Michael Collins SC, for Palfinger, said the argument that there was no headline sentence set was a criticism of “style over substance”.
He said the sentencing judge took into account all of the factors in the case including the circumstances of the accident, the victim impact statements in the case, mitigating factors and the concept of proportionality.
Mr Collins said the document in question was an operating manual.
When the crane and the manual was delivered, the person operating the crane was shown all the necessary procedures to operate the crane, counsel said.
He said it was “not just a case of there’s the keys, best of luck”.
Mr Collins argued that the fact that an omission was discovered after the incident was relevant. He said the crane had operated well for 12 years and had been serviced regularly.

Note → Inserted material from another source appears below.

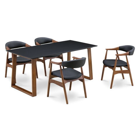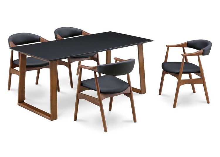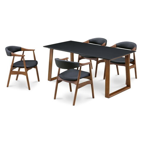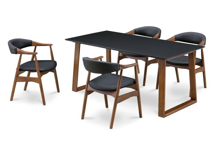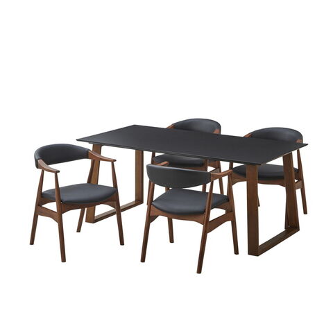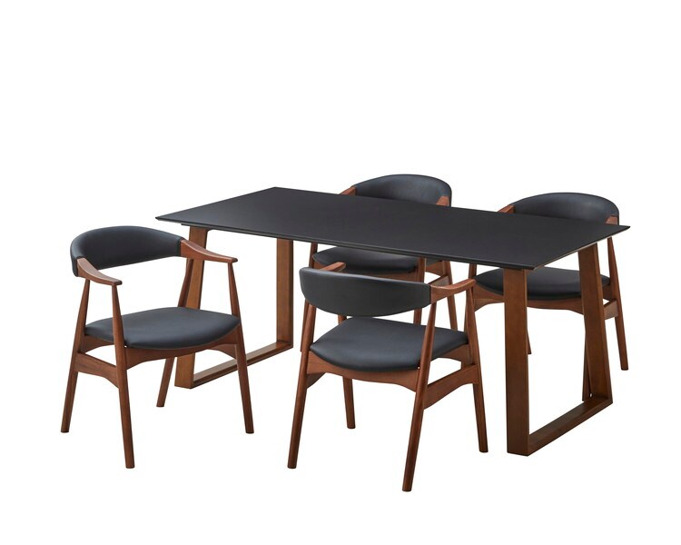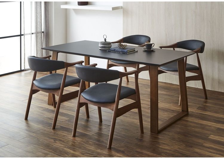 ダイニングテーブルセット 天然木 ダイニング5点セット 無垢集成材 ウォールナット 肘付き ヒジツキ 肘 4人掛け 160×80 スクエア脚 肘付 おしゃれ テーブル チェア 4脚【送料無料】

He said the question the judge had to grapple with was what was the implication of the chapter being omitted in the overall context.
“It was in weighing the culpability of the crane operators and the crane providers that he came to this conclusion,” counsel said, adding in those circumstances he submitted there was no error in principle.
After rising for a short period, the three-judge court indicated it would reserve judgement in the case.